COLLECTED MATERIAL:

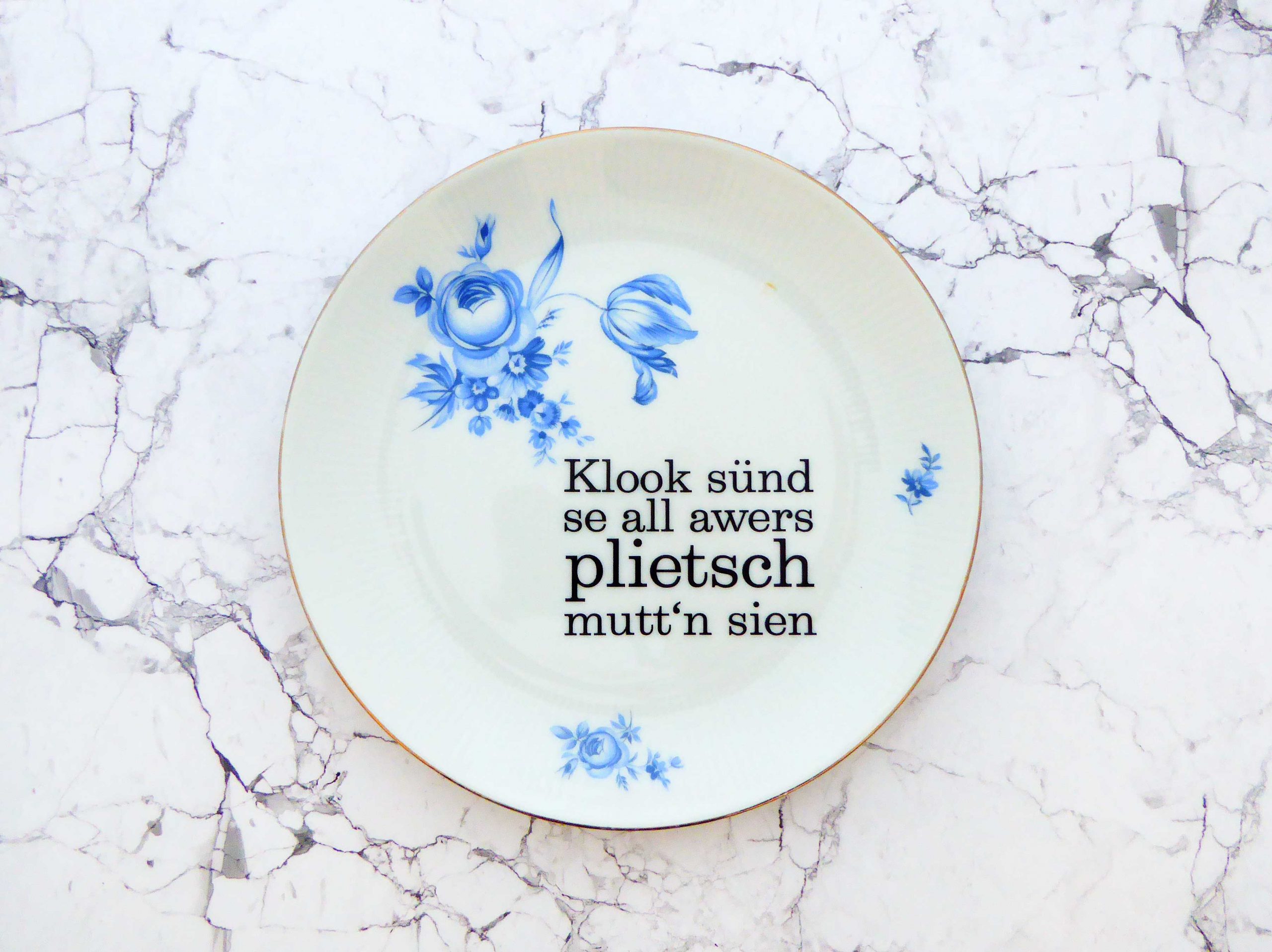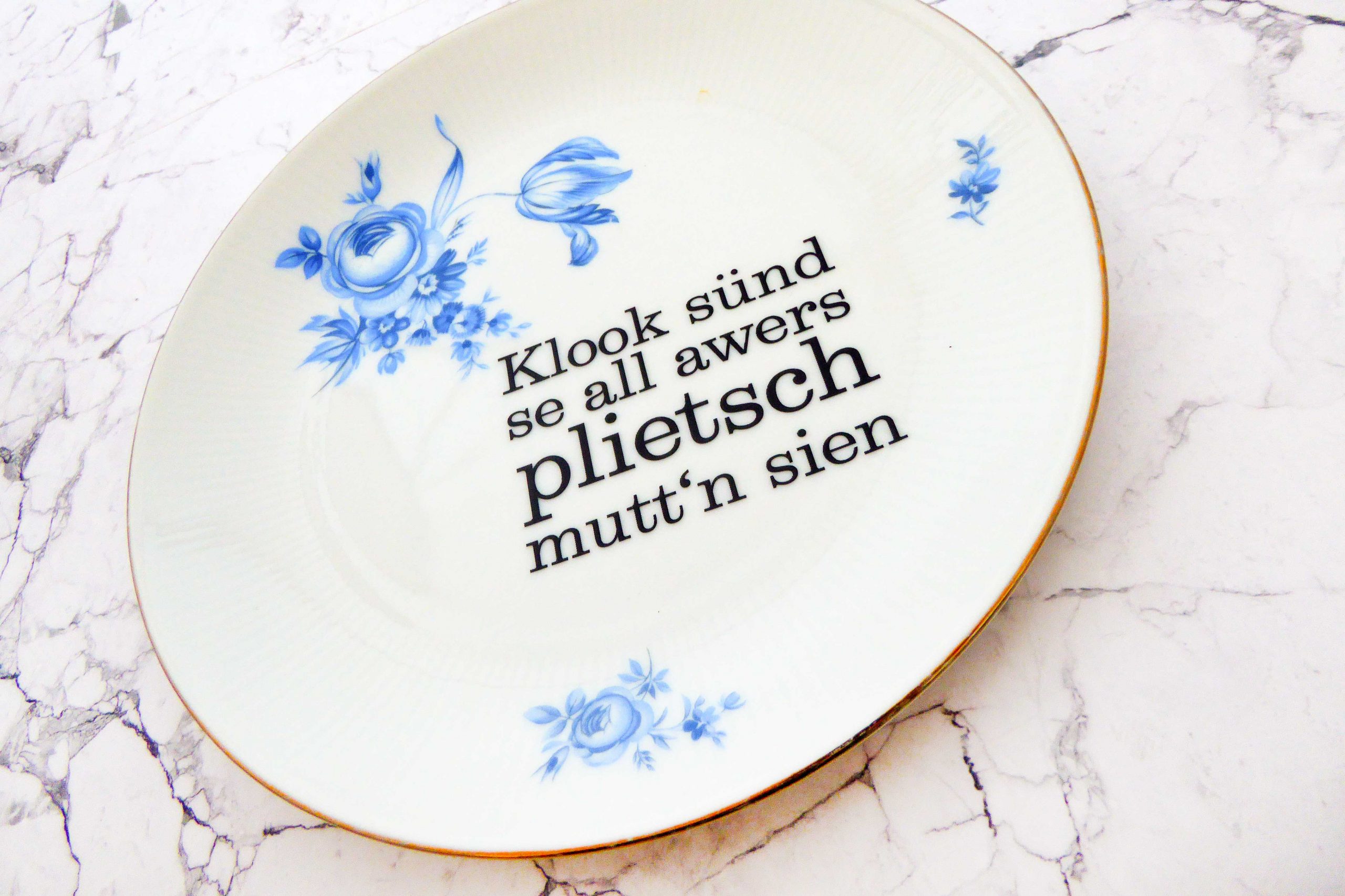 Unser Vintage Wandteller mit unserer Typo plietsch ist ein besonderes Stück für Deine Wand.
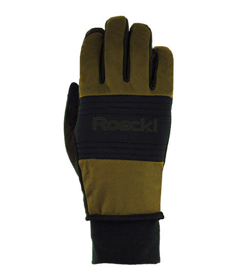 Erhältlich in cleanem Schwarz sowie Olivgrün mit Schwarz, jeweils akzentuiert mit dem prägnanten ROECKL Ton-in-Ton-Reflect-Logo quer über dem Handrücken.
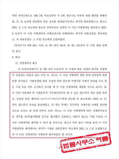그런데 B 가맹본부 대표 C는 “식품위생법상 시설 기준 미비로 가맹사업을 중단한다”는 문자와 이메일을 보내왔고,
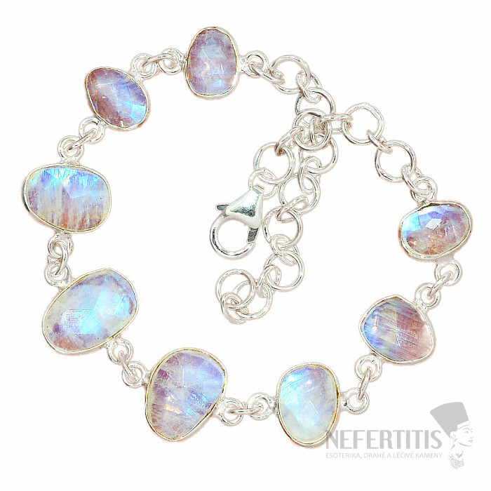 An exceptional silver bracelet with a faceted rainbow moonstone. Ag 925. A striking piece of jewelry that will charm everyone and no one will miss it on your hand. An attractive piece of jewelry thanks to the beautiful play of blue reflections on hundreds of cut facets of high-quality stones. You are purchasing the jewelry pictured directly.

EXERCISE GOAL:
Once the line containing "Erhältlich in cleanem" has been found, write out exactly that line and each one after it through the end of the data, leaving out every picture.

WRITTEN ANSWER:
 Erhältlich in cleanem Schwarz sowie Olivgrün mit Schwarz, jeweils akzentuiert mit dem prägnanten ROECKL Ton-in-Ton-Reflect-Logo quer über dem Handrücken.
그런데 B 가맹본부 대표 C는 “식품위생법상 시설 기준 미비로 가맹사업을 중단한다”는 문자와 이메일을 보내왔고,
 An exceptional silver bracelet with a faceted rainbow moonstone. Ag 925. A striking piece of jewelry that will charm everyone and no one will miss it on your hand. An attractive piece of jewelry thanks to the beautiful play of blue reflections on hundreds of cut facets of high-quality stones. You are purchasing the jewelry pictured directly.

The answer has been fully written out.